Belarus wants to end U.S. summer stays for children

MINSK, Belarus: Belarus said it would stop sending children for short summer stays with U.S. families after a girl taking part in such a program failed to return home, the second such incident in three years.

The authorities in Minsk initially accused a California family of keeping the 17-year-old in the United States.

The Belarussian news media later identified the girl as Tatyana Kozyro and said she had chosen to remain after her stay with a host family.

News reports said she was from a town north of Minsk, where she had lived with her grandmother.

Belarus was the Soviet state worst hit by the 1986 Chernobyl nuclear disaster, and "health stays" abroad for young people are common practice.

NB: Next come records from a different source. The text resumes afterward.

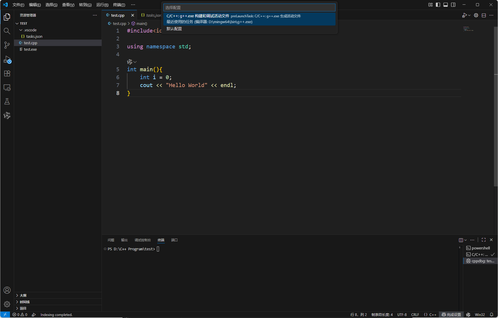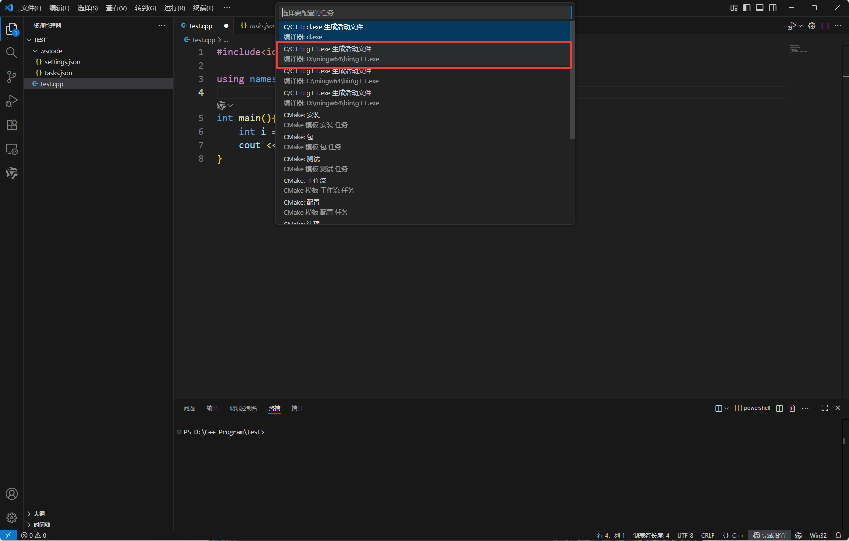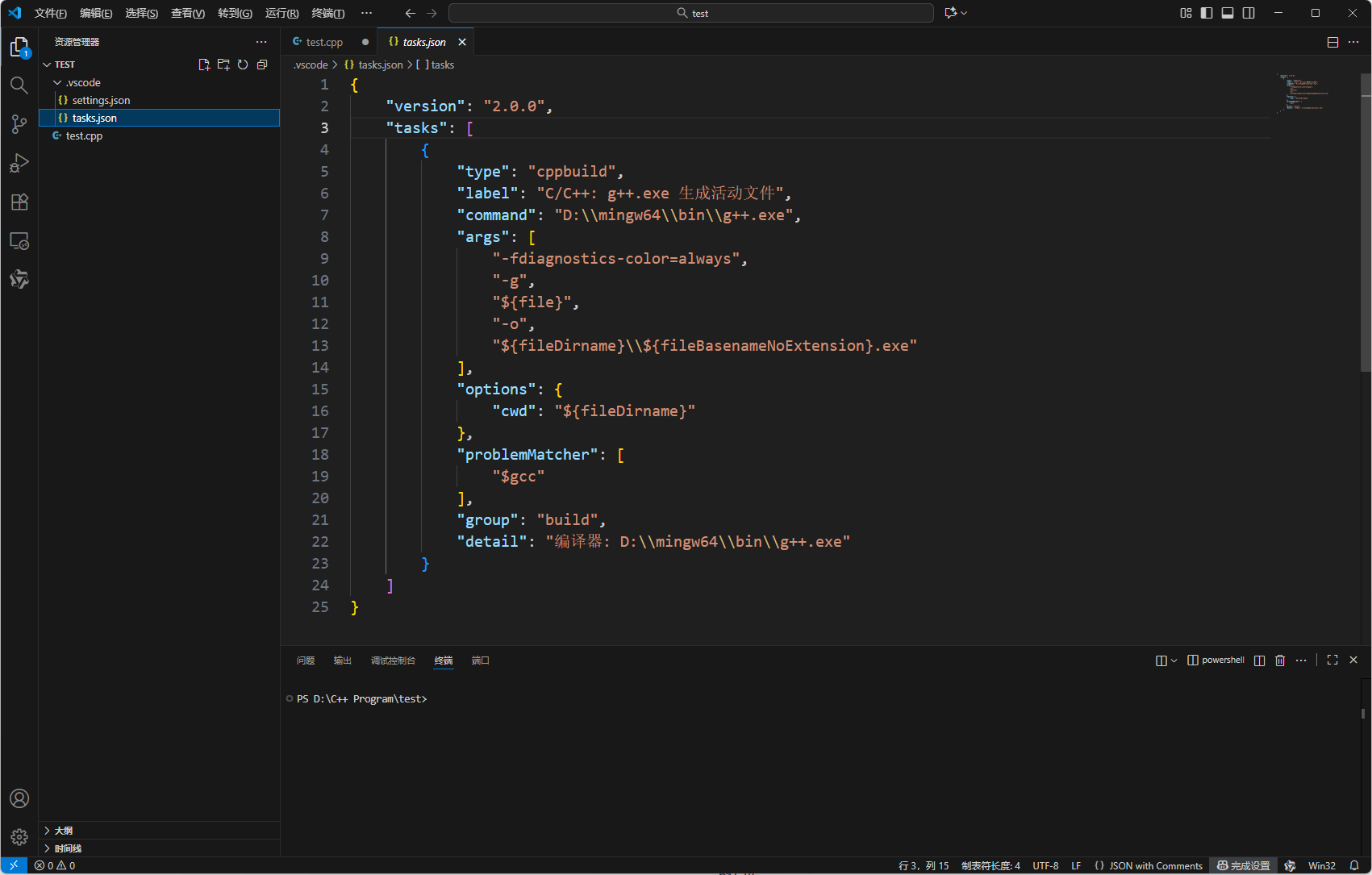 随后vscode便会自动帮你生成settings.json和tasks.json文件
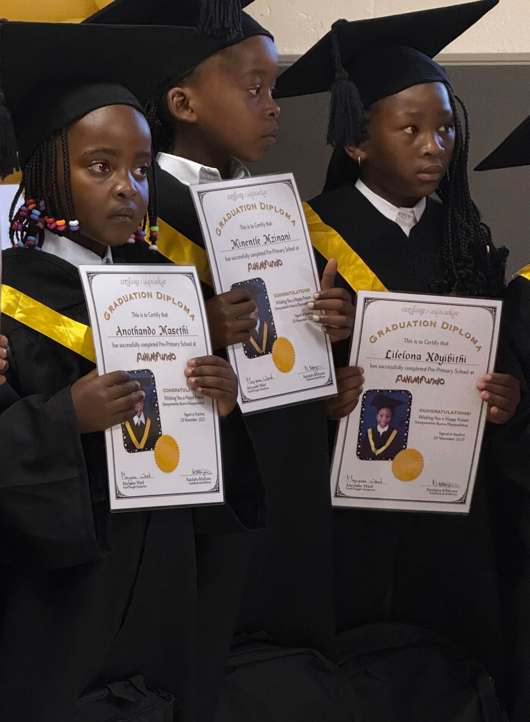 Am 28. November 2025 fand die diesjährige Graduation Ceremony in Funimfundo statt. Wie immer war ein Klasseraum zum Festsaal umfunktioniert und schön hergerichtet. In der einen Hälfte des Raumes saßen die Eltern, überwiegend Mütter, aber auch einige Väter, und die Kinder der anderen Klassen. Die andere Hälfte war leer, was zunächst verwunderte und etwas Neues erwarten ließ. Und tatsächlich gab es zwei überraschende Neuerungen.
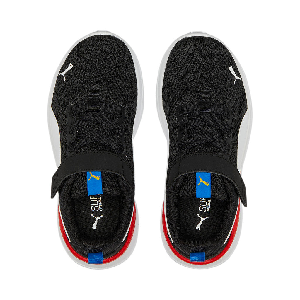 Παιδικά αθλητικά παπούτσια Puma για τρέξιμο. Διαθέτουν ιδιαίτερα κομψό σχεδιασμό, ενώ η σόλα τους προσαρμόζεται στο σχήμα του πέλματος για εξατομικευμένη, άνετη εφαρμογή.Άνω μέρος από ύφασμα και δέσιμο με ελαστικά κορδόνια και αυτοκόλλητο velcro.Μαλακός Softfoam+ εσωτερικός πάτος, σόλα EVA για άνεση χωρίς βάρος.
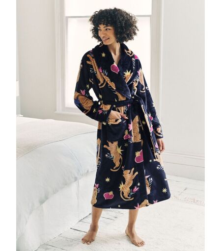Chelsea Peers Chelsea Peers Blue Fleece Enchanted Tiger Print Dressing Gown Blue 42
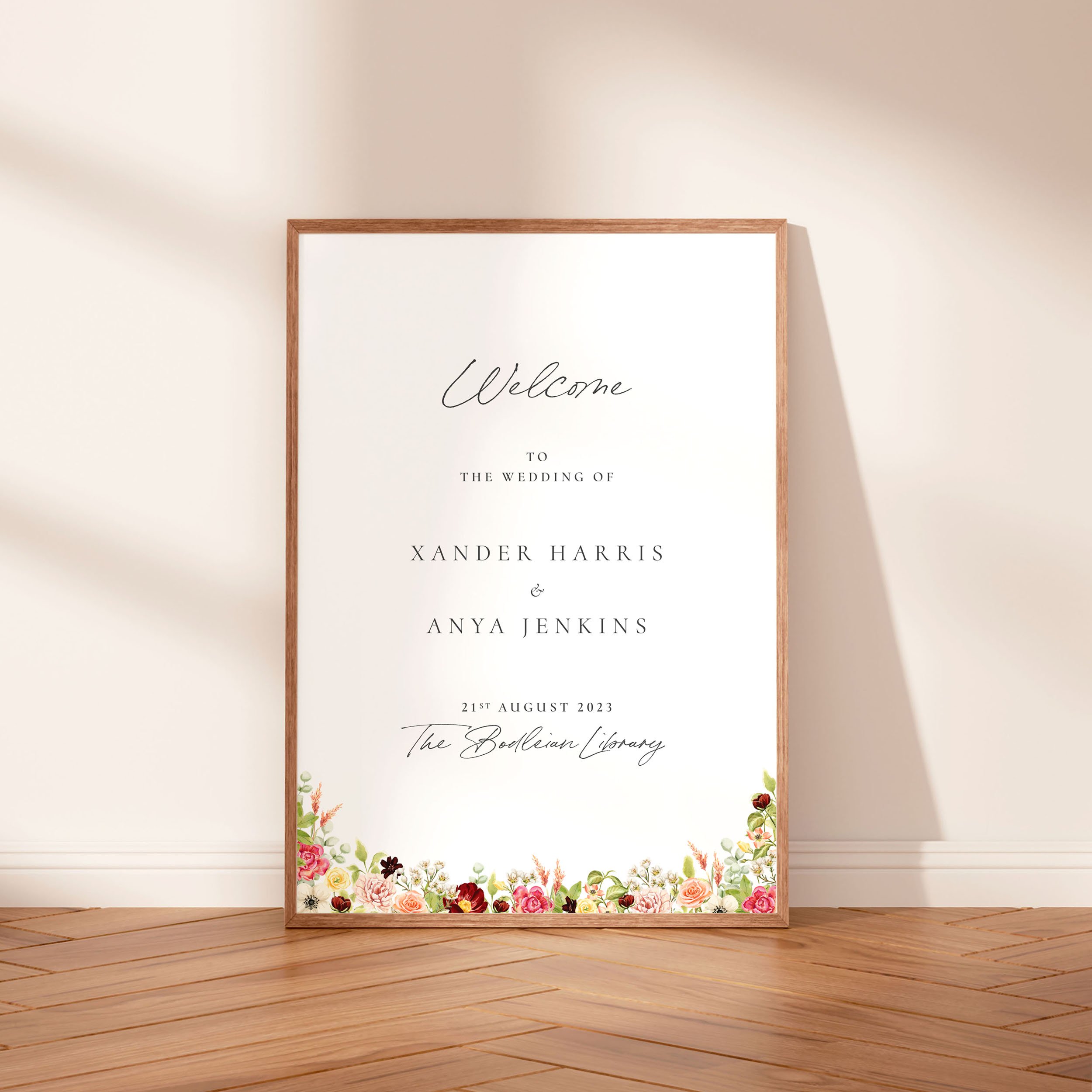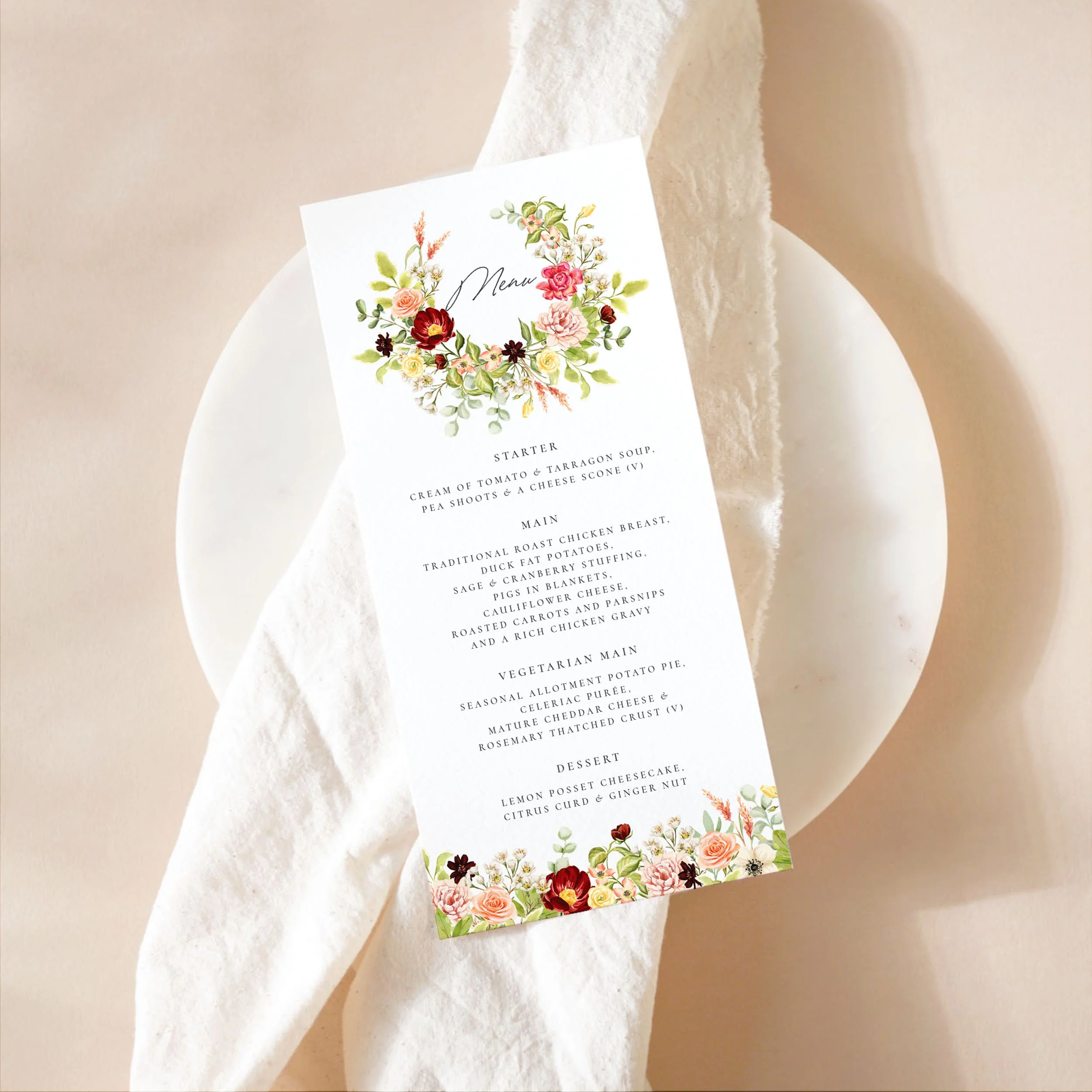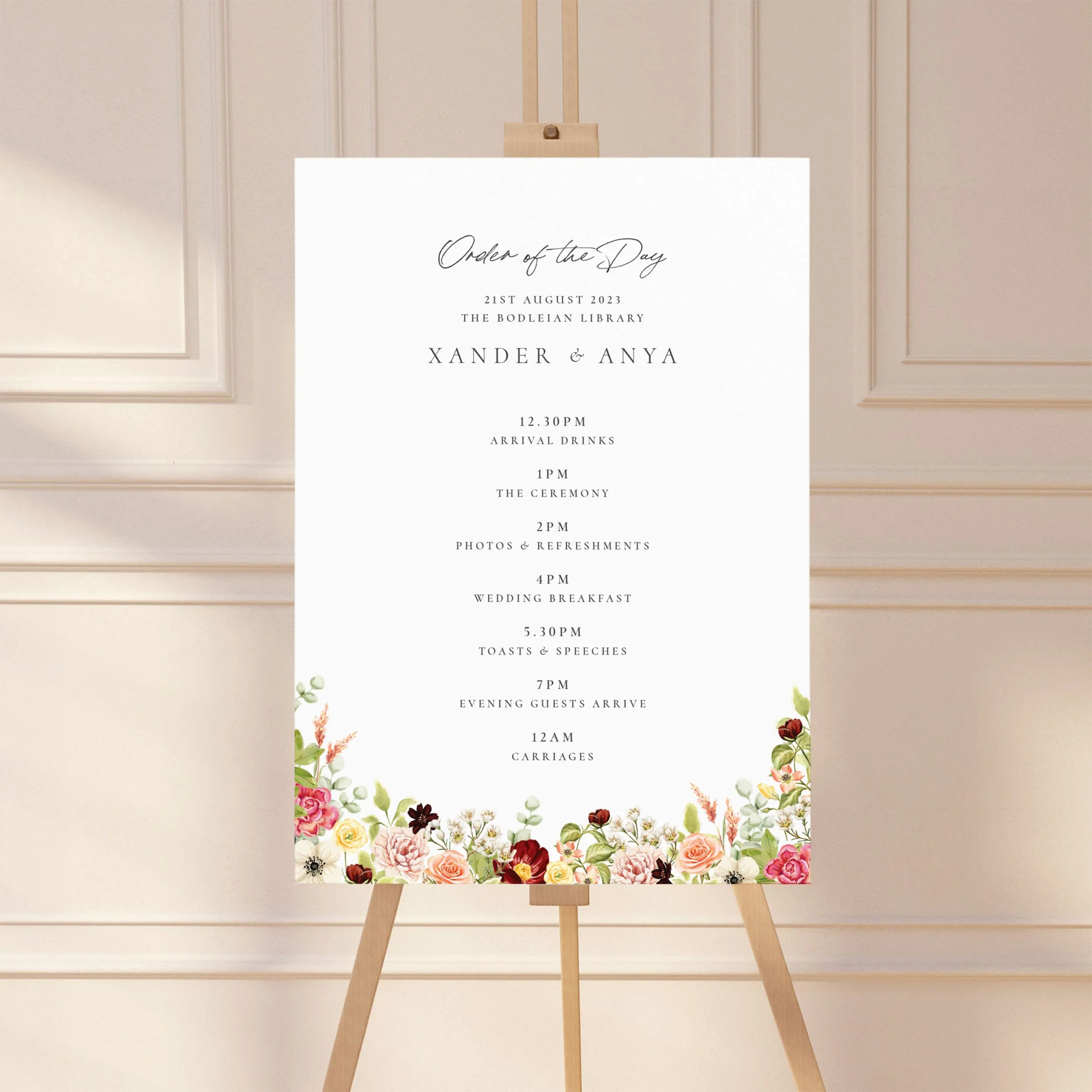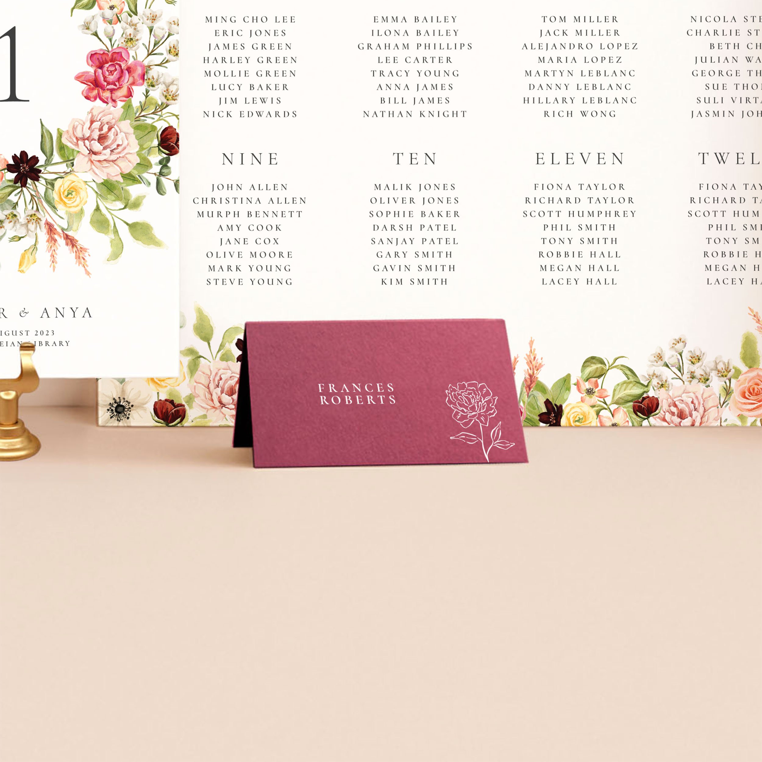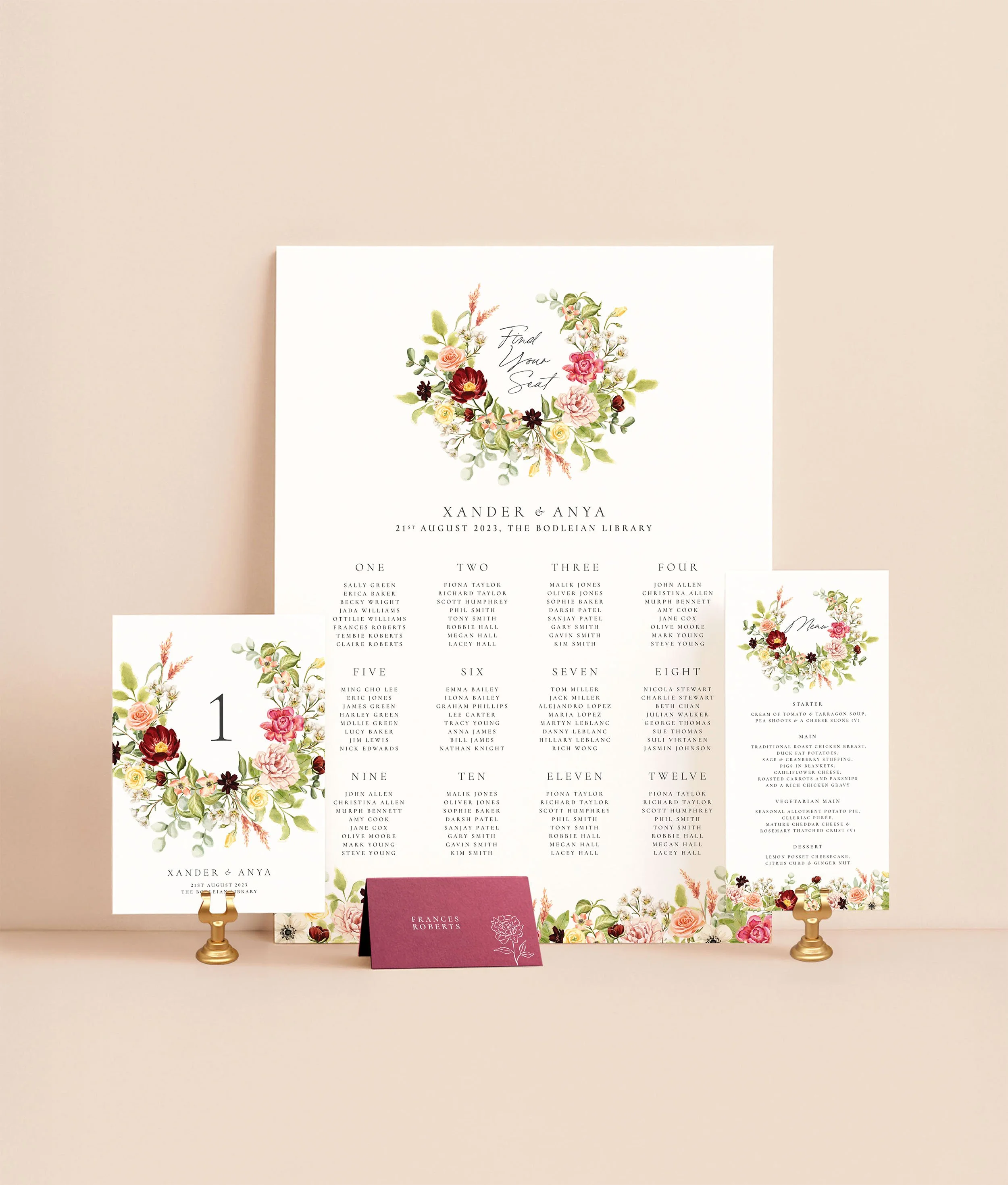 The Whimsy reception essentials bundle features a floral crest with hand-painted watercolour floral blooms in soft shades of pink, burgundy and lush greens, bringing a delicate, whimsical touch to your wedding day decor.
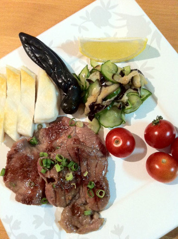お土産(自分で買いました)の牛タンを、留守番してたnat'sに食べさせたら、あおぞらで「牛タン定食」やろっか?!
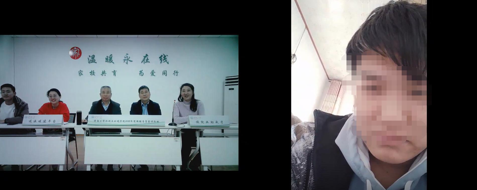 1月3日,德赢VWIN学院开展2022年寒假家访活动,学院党委书记王义,院长徐征和,副书记、副院长张良红,学办主任赵敬媛、2021辅导员张通组成家访活动工作小组,对2021级宋同学、马同学进行线上家访。
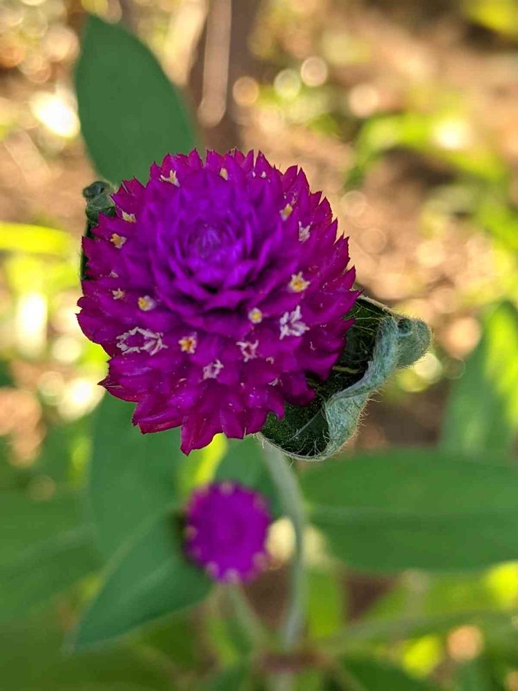 センニチコウの花は紫の部分じゃなく、隙間から覗いてる小さな黄色い子たちなんですね✨
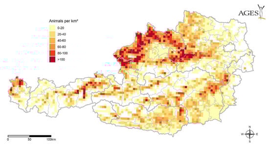 Livestock information for cattle and horses was obtained from the Austrian animal husbandry database (Verbrauchergesundheitsinformationssystem, VIS), which covers the year 2018. The database includes the geographical location of each farm. This information was used to aggregate the number of animals into 5 km grids (regional statistical grids—data.statistik.gv.at—under consideration of data protection). Horses are covered by the database only in the case of a reporting obligation because of other livestock animals (cattle, pigs, small ruminants); this leads to an underestimation of the horse population (compare Pferd Austria, IWI, 2019).
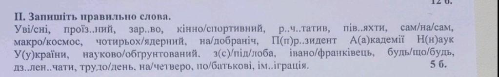 Запишіть правильно слова. Увi/снi, проїз..ний, макро/космос, чотирьох/ядерний, У(у)країни, науково/обгрунтований, з(с)/пiд/лоба, дз..лен..чати, трудо/день, на/четверо, по/батьковi, iм..iграцiя, кінно/спортивний, р..ч..татив, пiв..яхти, сам/на/сам, на/добраніч, П(п)р..зидент А(а)кадемії Н(н)аук івано/франкiвець, будь/що/будь,
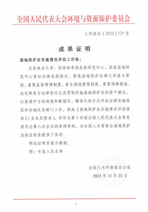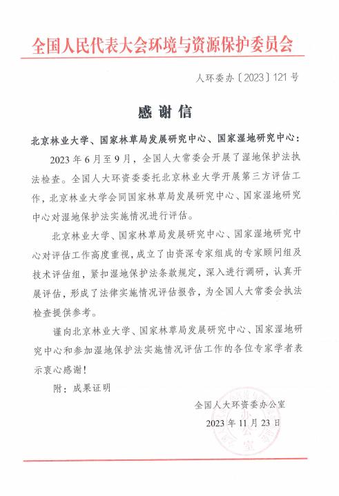 近日,我校收到全国人民代表大会环境与资源保护委员会发来的感谢信,信中对我校牵头开展湿地保护法实施情况评估工作表示感谢,并附上了成果证明和专家人员名单。

The Department for Humanitarian Activity said Thursday in a statement: "Given the situation concerning the illegal detention of a Belarussian minor on the territory of the United States, Belarus proposes an agreement be concluded on conditions" for such visits. "Pending conclusion of such an agreement, the Belarussian side regrets to say it is obliged to suspend health stays for children in the United States."

Belarussian officials say the girl, one of a group of 25 who were to have flown back to Minsk on Aug. 5, must by law return home and can choose where she wants to live on her 18th birthday.

U.S. diplomats said they wanted the matter resolved quickly.

In 2006, an Italian family concealed for three weeks a 10-year-old girl they had hosted for the summer, saying she had been mistreated at her orphanage.

That incident sparked an angry reaction in Belarus and prompted the authorities to tighten rules for holidays abroad and adoption procedures for foreigners.

The Belarussian president, Aleksandr Lukashenko, is accused in the West of crushing fundamental freedoms. Relations with the United States are particularly tense over sanctions introduced against the oil products company Belneftekhim.

The U.S. ambassador left Minsk in March at the urging of the authorities, and the embassy staff has twice been reduced.